All of that growth leads to growing traffic and higher transportation needs. Solving the ground transportation needs isn’t just a concern for the residents of Tampa, as the effects are also felt at local well-known staples like the Tampa International Airport. “From the standpoint of the airport, we see our passenger traffic doubling over the next 20 years,” said Joe Lopano, CEO for the Tampa International. “That means that the roadways have to be capable of taking our travelers to the beaches or museums or wherever else they want to go. At the present time, they aren’t capable of doing that, so we’re looking for solutions.”
Plans to expand Brightline’s high-speed rail to the city solves one piece of the solution, Lopano said, “but there’s no silver bullet. It’s going to be a combination of things, and the fact that Uber and Lyft exist has enabled rail to be a viable alternative. Ride sharing solves the first-mile, last-mile problem.”

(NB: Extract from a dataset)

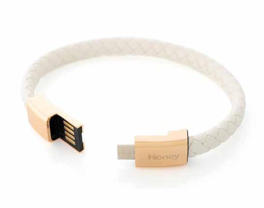 Micro-USB to USB bracelet style charging cable. White braided PU. Rose gold plated hardware. Closes 21cm non-adjustable.
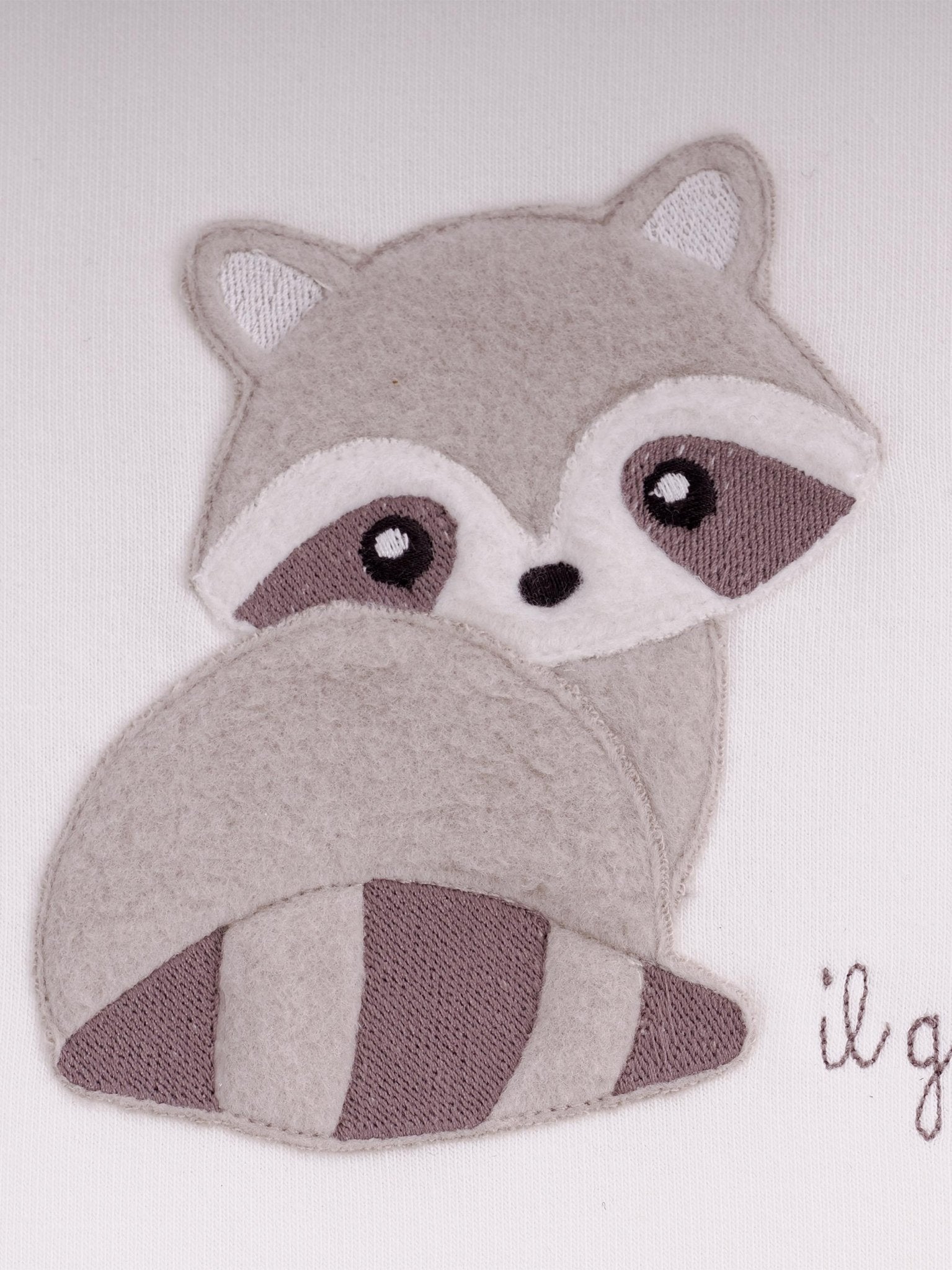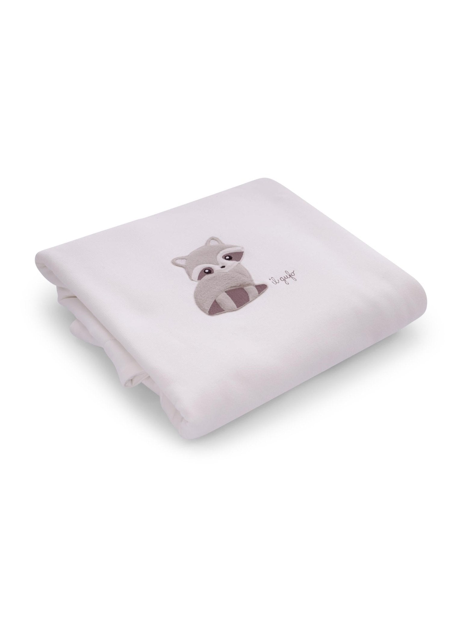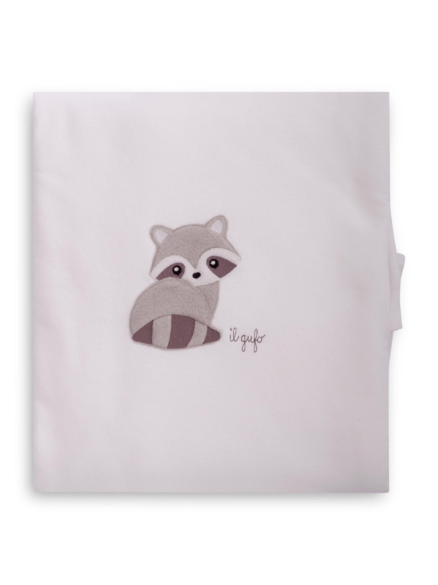 White Il Gufo baby blanket with raccoon embroidery on the front

The main question, of course, is how Tampa Bay will deal with the increased traffic. Beth Alden, the executive director for the Hillsborough Metropolitan Planning for Transportation, said that local municipalities are heading in the right direction. After convincing the local public that there was a there was “a multi-billion dollar disconnect” between its current spending plans and the realities of the city’s growing transportation needs, “last November, Hillsborough County’s voters approved a one-penny sales tax, and 100 percent of the proceeds will go toward transportation investments.” She said it was a watershed moment. “This sales tax will help us achieve our vision for the future of transportation.”
She said that besides building, expanding and fixing roads, the city is also working on improving transportation options for bicycles and pedestrians across the city, expanding pathways on and off barrier islands, and improving intersections. Improving access to alternative fuel sources and trolley systems are another priority.
“When you look at it from a regional standpoint, we’re the gateway to the west coast of Florida,” Lopano said. We have been able to increase our international travel by more than 125 percent since I started. That’s extremely important because every time we bring in a new international live body on a daily basis it generates $154 million in economic impact to our community. That’s critical.’
“Tourism in Florida is extremely important, and we want to be a part of its growth.”